Dissolution du gouvernement, le démenti du Premier ministre

Auparavant, dans la journée, sur une radio privée à Conakry le chef d’Etat major général des armées, loyaliste, lui, parlait de tentative de prise de pouvoir par un groupe de militaires. « Je n’ai pas été associé à ce coup, je crois qu’il faut faire face d’abord aux obsèques du président Lansana Conté », a précisé le général Diarra Camara. Il s’oppose à tout coup de force. Il en est de même, naturellement, pour le président de l’Assemblée, et du Premier ministre. Celui-ci a d’ailleurs affirmé que son gouvernement continue à fonctionner. Le Dr. Ahmed Tidjane Souaré a réitéré, sur une radio étrangère, son soutien au respect de la Constitution. Laquelle constitution en son article 34 stipule : « En cas de vacance de la fonction de président de la République consécutive au décès ou à la démission du président de la République ou à tout autre cause d’empêchement définitif, la suppléance est assurée par le président de l’Assemblée nationale… »

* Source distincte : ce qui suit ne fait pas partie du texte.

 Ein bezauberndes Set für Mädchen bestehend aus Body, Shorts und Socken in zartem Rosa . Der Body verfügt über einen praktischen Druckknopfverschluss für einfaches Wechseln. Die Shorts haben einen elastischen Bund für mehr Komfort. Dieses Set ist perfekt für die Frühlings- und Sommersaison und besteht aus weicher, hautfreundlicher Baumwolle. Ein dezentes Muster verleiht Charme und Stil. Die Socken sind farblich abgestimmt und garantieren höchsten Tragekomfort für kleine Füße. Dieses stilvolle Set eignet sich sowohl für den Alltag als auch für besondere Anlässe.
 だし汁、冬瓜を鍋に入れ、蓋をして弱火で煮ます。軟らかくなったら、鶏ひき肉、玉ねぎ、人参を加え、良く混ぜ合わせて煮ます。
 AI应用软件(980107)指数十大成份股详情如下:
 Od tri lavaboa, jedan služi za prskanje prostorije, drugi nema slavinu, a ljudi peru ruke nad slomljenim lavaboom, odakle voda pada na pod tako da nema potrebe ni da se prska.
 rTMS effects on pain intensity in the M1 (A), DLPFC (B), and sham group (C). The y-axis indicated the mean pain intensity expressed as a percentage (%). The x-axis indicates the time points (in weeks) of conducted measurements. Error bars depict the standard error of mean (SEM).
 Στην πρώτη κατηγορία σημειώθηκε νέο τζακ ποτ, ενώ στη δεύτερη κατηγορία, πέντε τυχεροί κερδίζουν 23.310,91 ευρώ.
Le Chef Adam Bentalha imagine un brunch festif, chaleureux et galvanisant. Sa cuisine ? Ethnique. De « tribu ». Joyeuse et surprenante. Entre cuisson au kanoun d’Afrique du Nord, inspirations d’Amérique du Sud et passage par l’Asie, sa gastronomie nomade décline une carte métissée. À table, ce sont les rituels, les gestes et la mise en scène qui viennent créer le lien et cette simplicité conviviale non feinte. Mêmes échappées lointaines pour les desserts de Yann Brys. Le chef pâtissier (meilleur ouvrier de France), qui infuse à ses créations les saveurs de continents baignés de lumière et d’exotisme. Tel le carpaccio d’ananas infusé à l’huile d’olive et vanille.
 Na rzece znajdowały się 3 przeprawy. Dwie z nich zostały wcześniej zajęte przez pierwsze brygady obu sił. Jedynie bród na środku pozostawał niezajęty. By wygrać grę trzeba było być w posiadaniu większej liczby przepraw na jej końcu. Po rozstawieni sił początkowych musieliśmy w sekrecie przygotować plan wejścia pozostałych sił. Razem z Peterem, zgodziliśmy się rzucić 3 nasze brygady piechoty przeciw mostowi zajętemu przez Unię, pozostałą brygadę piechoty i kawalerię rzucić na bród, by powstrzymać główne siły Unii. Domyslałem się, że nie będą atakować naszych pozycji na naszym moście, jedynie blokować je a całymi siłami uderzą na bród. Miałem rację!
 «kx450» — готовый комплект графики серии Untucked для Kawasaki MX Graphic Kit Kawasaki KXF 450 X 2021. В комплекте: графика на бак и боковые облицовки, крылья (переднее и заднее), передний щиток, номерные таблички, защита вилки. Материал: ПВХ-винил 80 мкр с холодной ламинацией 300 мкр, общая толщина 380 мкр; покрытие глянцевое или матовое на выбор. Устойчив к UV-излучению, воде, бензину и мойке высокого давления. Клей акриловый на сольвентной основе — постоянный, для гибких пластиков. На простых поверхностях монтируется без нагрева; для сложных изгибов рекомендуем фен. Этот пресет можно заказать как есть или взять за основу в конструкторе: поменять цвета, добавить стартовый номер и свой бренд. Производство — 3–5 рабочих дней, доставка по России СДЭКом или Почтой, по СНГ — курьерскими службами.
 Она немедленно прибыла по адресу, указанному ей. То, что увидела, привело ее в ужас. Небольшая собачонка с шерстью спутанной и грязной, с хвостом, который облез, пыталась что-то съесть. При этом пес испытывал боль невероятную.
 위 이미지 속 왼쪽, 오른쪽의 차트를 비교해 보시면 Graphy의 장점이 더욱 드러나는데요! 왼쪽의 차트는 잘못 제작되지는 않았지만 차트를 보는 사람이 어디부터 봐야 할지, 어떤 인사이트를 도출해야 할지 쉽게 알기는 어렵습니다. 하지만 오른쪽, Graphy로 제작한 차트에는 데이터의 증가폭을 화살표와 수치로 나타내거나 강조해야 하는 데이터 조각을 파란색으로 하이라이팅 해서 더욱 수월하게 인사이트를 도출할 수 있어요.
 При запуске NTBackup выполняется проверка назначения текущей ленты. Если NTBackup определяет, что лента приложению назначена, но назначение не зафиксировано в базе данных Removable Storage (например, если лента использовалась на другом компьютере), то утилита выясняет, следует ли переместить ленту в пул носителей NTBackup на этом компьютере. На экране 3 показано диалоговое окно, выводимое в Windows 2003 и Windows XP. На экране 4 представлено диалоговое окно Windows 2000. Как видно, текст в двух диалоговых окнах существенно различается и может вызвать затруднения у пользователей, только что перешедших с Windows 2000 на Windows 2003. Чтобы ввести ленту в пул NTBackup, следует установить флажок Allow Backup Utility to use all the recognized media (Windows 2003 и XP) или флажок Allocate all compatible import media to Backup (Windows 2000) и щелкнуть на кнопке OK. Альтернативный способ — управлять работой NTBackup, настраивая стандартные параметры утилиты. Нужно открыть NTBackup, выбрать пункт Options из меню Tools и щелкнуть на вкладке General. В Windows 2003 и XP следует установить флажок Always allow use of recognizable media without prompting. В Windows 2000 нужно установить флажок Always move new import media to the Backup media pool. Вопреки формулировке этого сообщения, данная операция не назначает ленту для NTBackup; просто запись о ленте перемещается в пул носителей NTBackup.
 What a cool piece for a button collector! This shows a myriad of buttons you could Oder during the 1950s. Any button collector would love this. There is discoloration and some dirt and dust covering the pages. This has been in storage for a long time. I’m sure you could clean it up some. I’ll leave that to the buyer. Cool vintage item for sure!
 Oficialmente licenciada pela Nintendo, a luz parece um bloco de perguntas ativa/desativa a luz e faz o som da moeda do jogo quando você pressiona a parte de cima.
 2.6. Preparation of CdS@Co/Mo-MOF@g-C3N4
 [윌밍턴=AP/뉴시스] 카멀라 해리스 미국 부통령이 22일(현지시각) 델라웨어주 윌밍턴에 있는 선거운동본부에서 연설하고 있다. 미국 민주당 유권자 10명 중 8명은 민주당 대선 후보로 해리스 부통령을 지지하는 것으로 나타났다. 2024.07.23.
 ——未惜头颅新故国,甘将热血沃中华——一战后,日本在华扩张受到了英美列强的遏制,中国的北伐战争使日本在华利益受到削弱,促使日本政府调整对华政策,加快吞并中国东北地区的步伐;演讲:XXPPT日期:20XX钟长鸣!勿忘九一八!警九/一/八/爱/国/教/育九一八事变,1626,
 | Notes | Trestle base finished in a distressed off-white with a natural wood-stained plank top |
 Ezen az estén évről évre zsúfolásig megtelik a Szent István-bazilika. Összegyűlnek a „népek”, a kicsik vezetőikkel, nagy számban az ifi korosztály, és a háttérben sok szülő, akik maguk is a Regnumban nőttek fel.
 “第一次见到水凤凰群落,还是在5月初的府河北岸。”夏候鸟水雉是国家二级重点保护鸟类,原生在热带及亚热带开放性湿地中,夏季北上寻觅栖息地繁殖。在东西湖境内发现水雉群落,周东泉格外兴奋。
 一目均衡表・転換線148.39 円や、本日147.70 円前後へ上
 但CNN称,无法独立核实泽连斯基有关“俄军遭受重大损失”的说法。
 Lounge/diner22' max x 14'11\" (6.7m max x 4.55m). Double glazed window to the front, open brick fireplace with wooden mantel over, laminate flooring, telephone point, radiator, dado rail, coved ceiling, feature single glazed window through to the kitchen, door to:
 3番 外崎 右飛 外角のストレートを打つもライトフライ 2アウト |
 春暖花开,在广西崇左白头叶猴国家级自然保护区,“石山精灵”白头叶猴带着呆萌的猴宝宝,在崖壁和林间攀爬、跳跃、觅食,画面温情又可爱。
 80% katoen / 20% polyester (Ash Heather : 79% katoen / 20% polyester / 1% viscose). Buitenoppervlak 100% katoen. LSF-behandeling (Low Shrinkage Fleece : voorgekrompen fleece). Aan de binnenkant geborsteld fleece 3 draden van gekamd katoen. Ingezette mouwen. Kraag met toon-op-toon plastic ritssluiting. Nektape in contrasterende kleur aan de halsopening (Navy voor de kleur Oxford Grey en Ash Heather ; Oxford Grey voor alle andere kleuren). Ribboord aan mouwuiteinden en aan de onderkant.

Mais à Conakry, beaucoup d’observateurs préfèrent l’hypothèse militaire sous prétexte que cette Assemblée nationale n’est plus légale, car son mandat a expiré depuis juin 2006. Qu’à cela ne tienne, certains leaders de l’opposition Comme Sidya Touré et Jean-Marie Doré soutiennent le retour de l’ordre constitutionnel. Mais une partie de l’opinion publique guinéenne ne trouve aucun inconvénient à ce que les militaires prennent à nouveau le pouvoir. « Les militaires n’ont qu’à prendre le pouvoir et organiser après des élections anticipées… » entend-on souvent actuellement dans les rues de Conakry. « On n’a connu que la misère sous Conté », nous a, par exemple, confié un jeune enseignant.

Aux dernières nouvelles, dans le septième communiqué des putschistes, Moussa Dadis Camara et ses camarades d’armes s’engagent à organiser les présidentielles au plus tard en décembre 2010. Dans le huitième communiqué, ils mettent en garde contre toute velléité d’envoi de mercenaires pour déstabiliser le pays.

Les funérailles du président Lansana Conté sont prévues, semble- t-il, pour ce vendredi.